Attention, ce développement n’est pas dénué de questionnements, et nous n’en sommes qu’au début. En particulier, côté business : combien d’entités autonomes, autant soutenues, peuvent coexister au sein d’un même groupe ? Et du côté humain : quelles opportunités propose-t-on à ceux qui restent dans le coeur historique, avec des perspectives a priori moins favorables que la nouvelle entité ?

 

Après l’industrie automobile, à qui le tour ?

Cette année 2018 chez Cruise & GM est d’autant moins anecdotique que l’on retrouve exactement la même démarche à l’oeuvre chez Ford. Ce dernier a en effet acquis une start-up dédiée à la voiture autonome, Argo AI, en août 2017. Par le biais d’une infusion de capital substantielle, à hauteur de 1 Md$.

Il faut dire qu’avec l’avènement de la voiture autonome, l’industrie automobile cumule les facteurs favorables à ce mouvement récent :

  1. La voiture autonome est l’un des plus gros enjeux stratégiques du secteur.
  2. Les grands groupes capables d’allonger les billets pour des acquisitions sont nombreux (par exemple, pas moins de 13 groupes automobiles réalisent plus de 50 Md$ de CA annuel).
  3. L’expertise (technique, en l’occurrence) est cruciale, or les spécialistes de longue date sont peu nombreux.
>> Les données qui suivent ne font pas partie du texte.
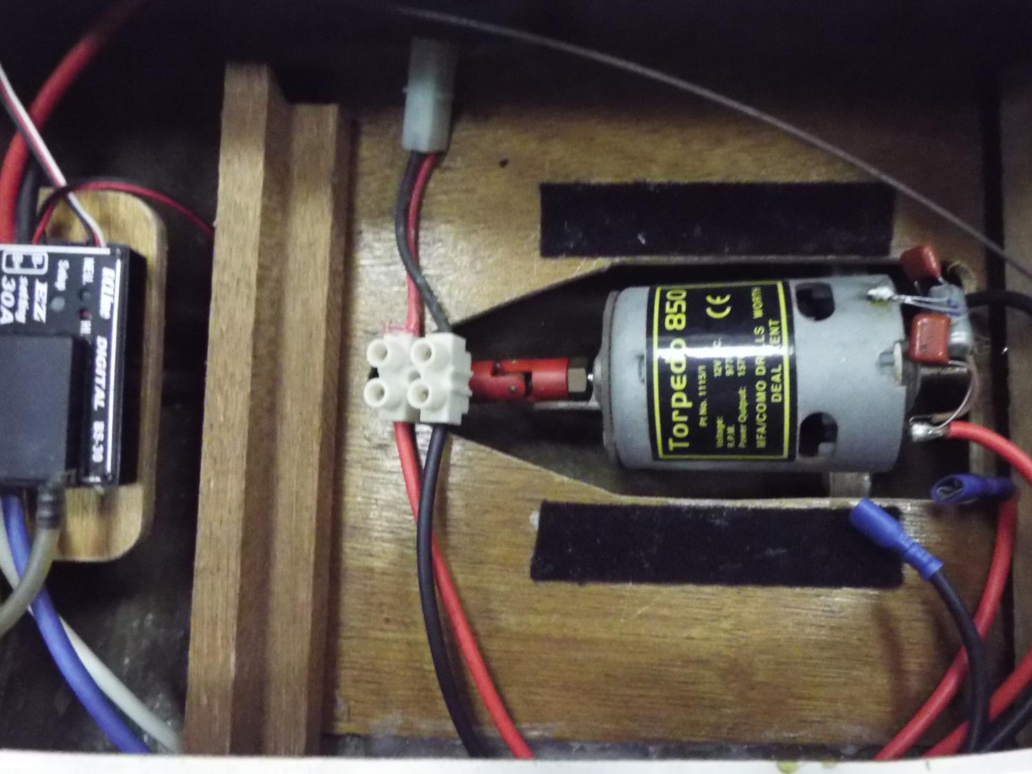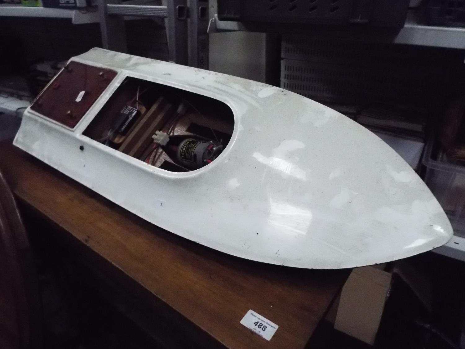 Racing Model power boat with Torpedo 850 electric motor 32 inches long. Working condition unknown.

Autant dire que les entrepreneurs ont du levier dans les négociations, et peuvent imposer de conserver leur autonomie.
  4. Le développement de la voiture autonome est intense en capital.
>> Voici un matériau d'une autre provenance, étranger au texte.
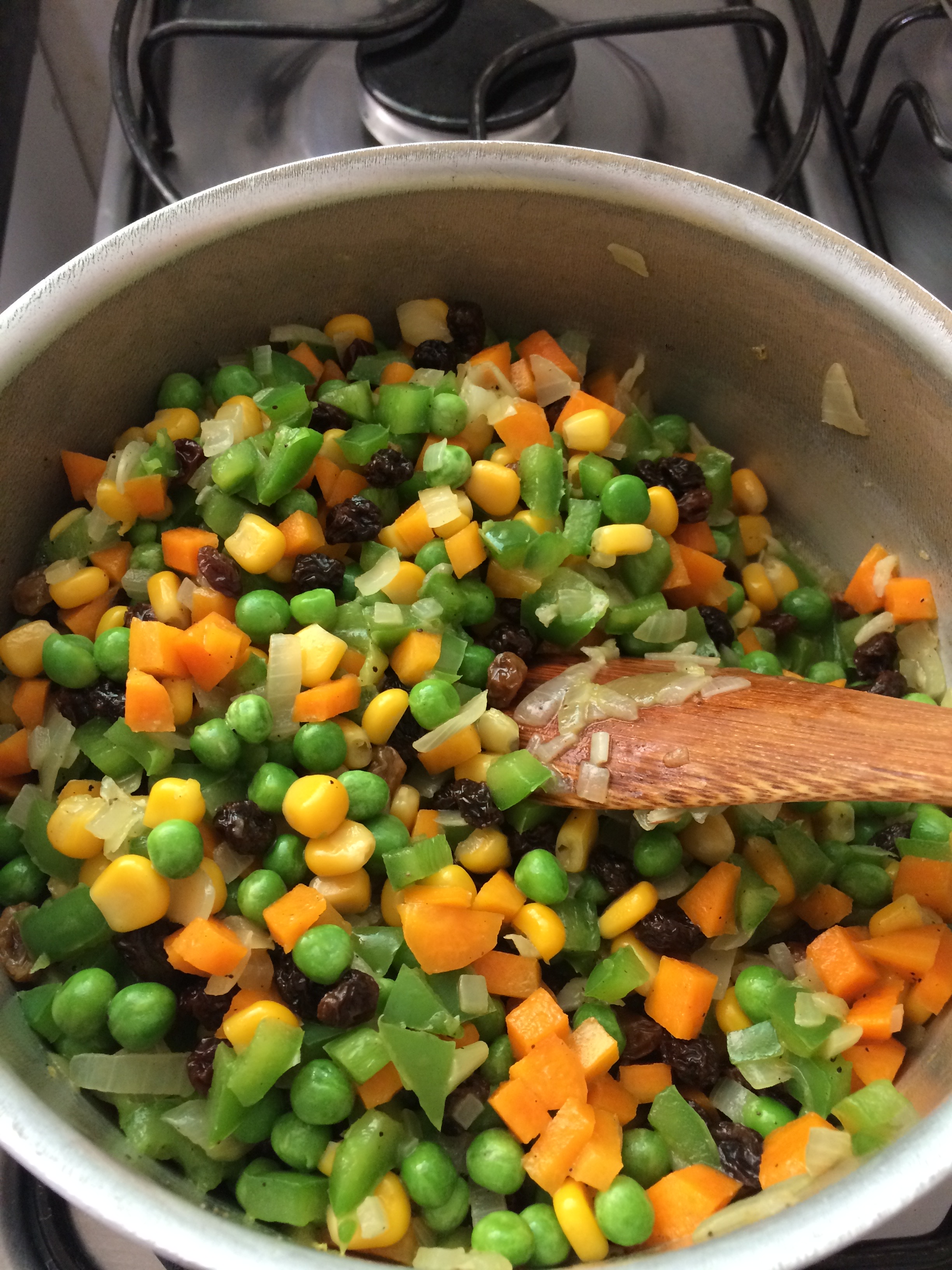 Junte o milho e ervilhas.

En gardant ces 4 facteurs en tête, à quels nouveaux secteurs le modèle pourrait-il prochainement s’étendre ? On se mouille : pour nous, c’est du côté des services financiers qu’il faut porter l’attention. Parce que :

  1. Si l’on prend la peine de regarder au-delà des buzzwords, le triptyque fintech / IA / blockchain promet de transformer de nombreuses expériences (paiement mobile qui s’immisce partout, évaluation plus fine des risques liés à un prêt ou à contrat d’assurance, prix des transferts d’argent à travers le monde en chute libre…), et donc le paysage concurrentiel qui va avec.
  2. Les groupes de grande taille ne manquent pas dans le secteur.
  3. Mettre en place une infrastructure technique impeccable est très complexe vu les volumes d’opérations et crucial pour l’expérience utilisateur (ne pas recevoir sa dernière commande e-commerce, c’est finalement pas si grave ; voir son virement de 10 000 euros envolé dans la nature, un peu moins).
  4. Le besoin en capital est important, pour déployer l’infrastructure, pour pouvoir proposer certains produits (ex : prêts) et pour garantir une solide assise financière en cas de crise, ce que la réglementation impose dans bien des domaines des services financiers.
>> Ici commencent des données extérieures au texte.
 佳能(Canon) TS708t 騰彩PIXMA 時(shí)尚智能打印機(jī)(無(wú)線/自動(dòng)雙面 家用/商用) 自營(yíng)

Quelle que soit l’industrie dans laquelle ce mouvement se poursuivra, on se souviendra que c’est en 2018 qu’il aura débuté. Et que, ironie de l’histoire, c’est à l’épicentre du bon vieux capitalisme managérial typique du XXe siècle, dans ce mastodonte nommé GM, qu’aura émergé le capitalisme industrialo-entrepreneurial du XXIe.